Tuesday, January 06, 2009

Prime Obsession, and Robert Shiller

Two books that I recently read:

1) Prime Obsession, by National Review's John Derbyshire. Prime Obsession has a mix of chapters: about half address the biography and background of Bernhard Riemann, the eminent German mathematician, as well as many of his forebears, contemporaries, and successors. The other half of the chapters are a layman's explanation, starting with some elementary math, of the Riemann Hypothesis.

It's a brilliant book. Derbyshire has a wonderful knack of explaining complicated mathematical concepts from the ground up. He does this so well that even a non-mathematician has at least a glimmering of a thrill when, in an anecdote, the physicist Freeman Dyson is told of the statistical distribution for the non-trivial zeros of the Riemann zeta function, and his response is, "That's the form factor for the pair correlation of eigenvalues of random Hermitian matrices!" What this means (so far as I understand it) is that the distribution of prime numbers has a completely unexpected parallel to the energy levels observed in quantum mechanical experiments. (It's a bit dismaying, to be sure, when after a chapter written in language like that, the next chapter begins with the warning: "You might find the following few sections challenging." But Derbyshire is up to the task of making it all comprehensible.)

2) Robert Shiller's The New Financial Order: Risk in the 21st Century. Shiller is a clever and creative economic thinker, and he presents several bold ideas in this book (including standardized units of currency, income tax schedules based on inequality, and much more).

I was intrigued by his idea of insurance for "livelihoods." Shiller provides an example of a young man thinking of a career in biochemistry. The risk is that his highly specialized knowledge might be displaced or become unusable in the employment market, for some reason. So there's a lot of uncertainty that might cause talented individuals to forego a socially valuable career. Shiller's answer is a livelihood insurance policy that "would be designed to pay him a regular supplement to his income over the years in the event of a decline."

The problem with such insurance plans is two-fold:

a) Insurance companies wouldn't have enough information to price and sell such plans for many careers, particularly new careers as to which there is no historical or national data on income patterns;

b) Even where such insurance plans are possible, the very people who would most benefit would also be least likely to be able to afford a policy. Journalists and GM workers would love to have an insurance policy right now that paid them a lifetime income in the event of job loss.
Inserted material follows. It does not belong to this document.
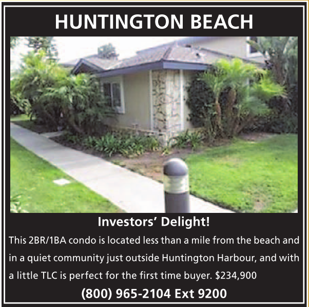 This 2BR/1BA condo is located less than a mile from the beach and in a quiet community just outside Huntington Harbour, and with a little TLC is perfect for the first time buyer. $234,900 (800) 965-2104 Ext 9200

But for that very reason, if such policies were sold at all, they would be exorbitantly expensive for journalists and GM workers (for the same reason that it would be highly expensive for a death row inmate to buy life insurance).

Now if such insurance policies were publicly subsidized in some fashion, that would be a different matter. But then Shiller's argument devolves into a case for a government-sponsored minimum income, except one that varies by career. While Shiller does point out that because of moral hazard, livelihood insurance policies might have to pay only for aggregate drops in the average income for a certain profession, there would still be some moral hazard (I think) for people selecting whether to enter a career where the government's minimum income was higher.